- Directed by: Peter Wilson
- Written by: Sam Bariah
- Produced by: Jagdish Singh Peter Wilson
- Starring: Peter Wilson Eisha Singh
- Cinematography: Sarfaraz Ali Hassan Khan
- Edited by: Peter Wilson
- Music by: Kevin Roy George Saniv Xulfi
- Production companies: Jagraj Motion Pictures Peter Wilson Entertainment
- Release date: 29 May 2026;
- Running time: 138 minutes
- Country: India
- Language: Hindi

= Obsess (2026 film) =

2026 Indian action thriller film

Obsess is a 2026 Indian Hindi-language action thriller film directed by Peter Wilson and produced by Jagdish Singh and Peter Wilson. The film stars Peter Wilson and Eisha Singh in lead roles.
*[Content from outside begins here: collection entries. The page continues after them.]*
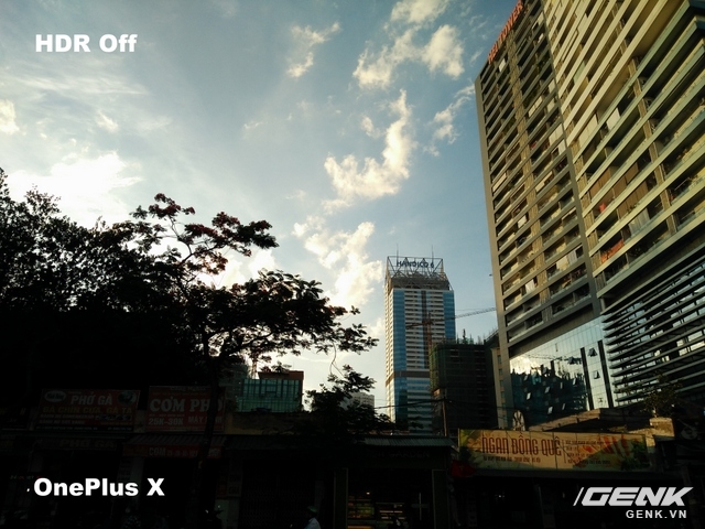 Khi bật chế độ HDR lên, ảnh chụp từ cả 2 máy đều làm sáng được hầu hết chi tiết, đơn cử như loạt biển hiệu ở phía dưới cùng... Đặc biệt, điểm thú vị của cả OnePlus và Xiaomi Mi 4 là ảnh chụp HDR không bị cháy sáng, tái hiện được đầy đủ các chi tiết có trong bức ảnh, mây trời vẫn đầy đủ...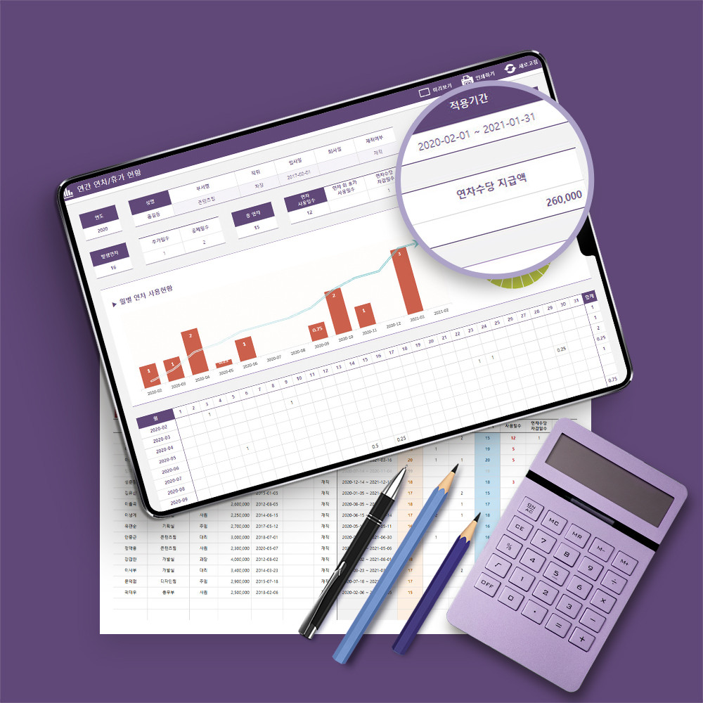 사내에서 기존에 사용하고 있는 연차관리 서식보다 연차휴가 관리 프로그램이 복잡하여 사용이 어려울 것 같으신 분들을 위해 준비한 연차 휴가 관리 프로그램 리뷰 영상입니다. 입사일 기준, 회계일 기준 프로그램의 기능과 구성에 대해 알아보고 실무에서 어떻게 사용하면 좋은지 차근차근 설명해드립니다.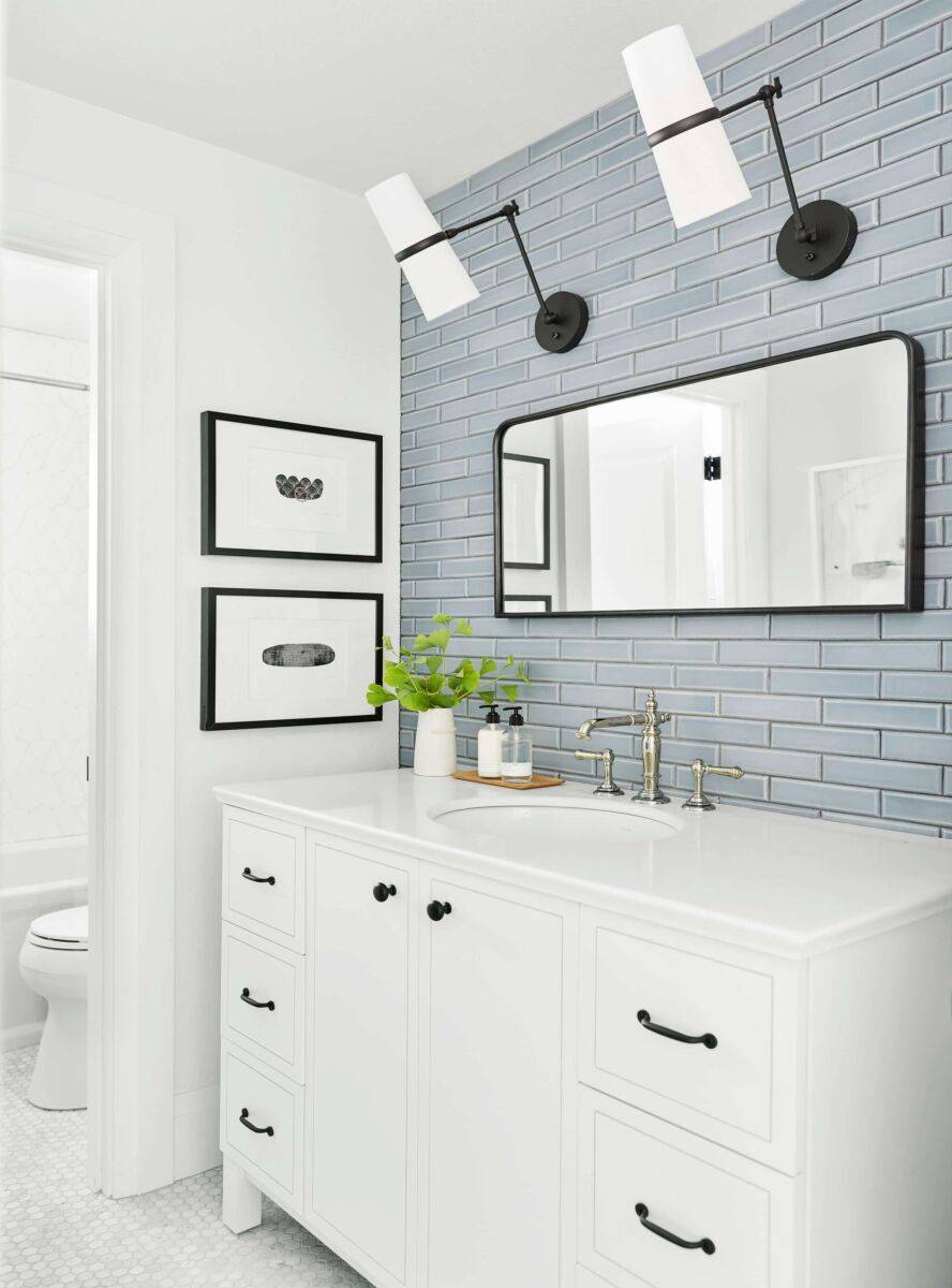 - В комнате должно быть чисто и светло. Добиться такого эффекта можно с помощью монтажа основной лампы и пристеночного освещения. При создании дизайна нужно заранее позаботиться о качественном поступлении света в тематических зонах (душевая кабина, раковина, ряд настенных шкафов).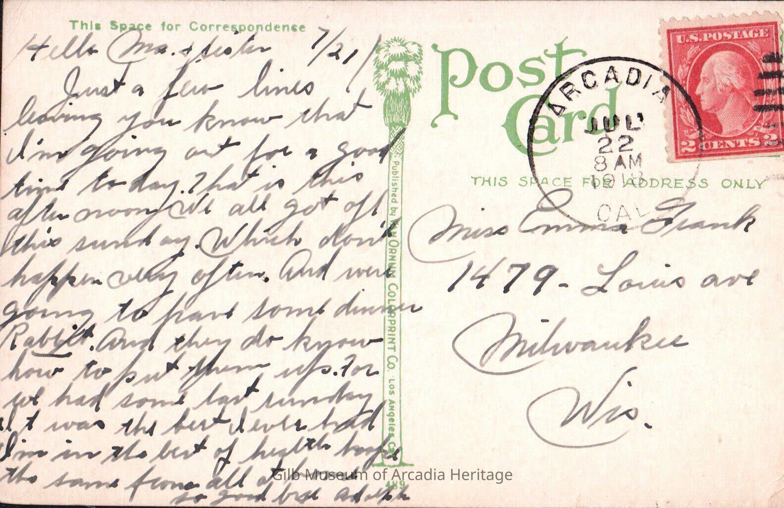 Hello Ma & Sister Just a few lines leaving you know that I’m out for a good time today. That is this afternoon. We all got off this Sunday. Which don’t happen very often. And were going to have some dinner Rabbit. And they do know how to put them up. For got had some last sunday. It was the best I ever had. I’m in the best of health hope the same from all at home. So good here. Adolph.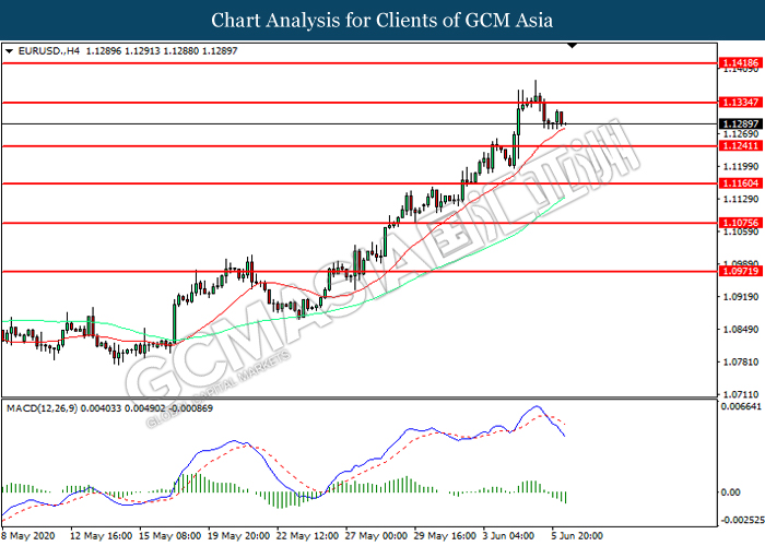 EURUSD, H4: EURUSD was traded lower following prior retracement from the resistance level at 1.1335. MACD which illustrated increasing bearish momentum suggest the pair to extend its losses toward support level at 1.1240.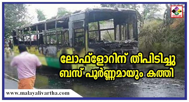 ഓടിക്കൊണ്ടിരുന്ന ലോഫ്ലോറിന് തീപിടിച്ചു; ബസ് പൂര്ണ്ണമായും കത്തി നശിച്ചു
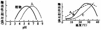 12.左下图表示的是pH值对植物和人的淀粉酶活性的影响;右下图表示的是3种脱氢酶(A、B、C)的活性受温度影响的情况。下列叙述正确的是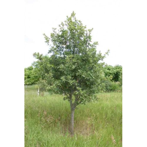 This seedling selection of oaks comes from a mix of hybrids in our planting that are considered natural dwarfs and stay green late into the fall. The tree structure can be an open upright pyramid while some are more oval in shape with a rounded top. All have thick, semi-evergreen leathery leaves. Excellent tree for very poor soils. Small acorns are produced almost yearly. Many of the seedlings are also natural crosses with larger leaved nearby white oaks in our plantings.

It was released on 29 May 2026.

== Plot ==
The film follows Sara, a woman whose ordinary day begins with confidence and a carefree attitude. Her routine takes an unexpected turn when she encounters Peter, a man struggling with severe depression. As circumstances bring the two together, a series of unexpected events disrupt her day and lead her into an emotionally difficult situation.

As the day unfolds, Sara attempts to navigate emotional conflict and uncertainty while trying to maintain control over the circumstances around her. The story explores themes of resilience, empathy, human emotions and personal growth in the face of life's unpredictable challenges.

== Cast ==
- Peter Wilson as Peter
- Eisha Singh as Sara

== Release ==
Obsess was released on 29 May 2026.

== Reception ==
A mixed review at Film Information found the plot predictable and the production mediocre. Vinamra Mathur, on the other hand, writing for First Post, praised the pace and experimental audacity of the film.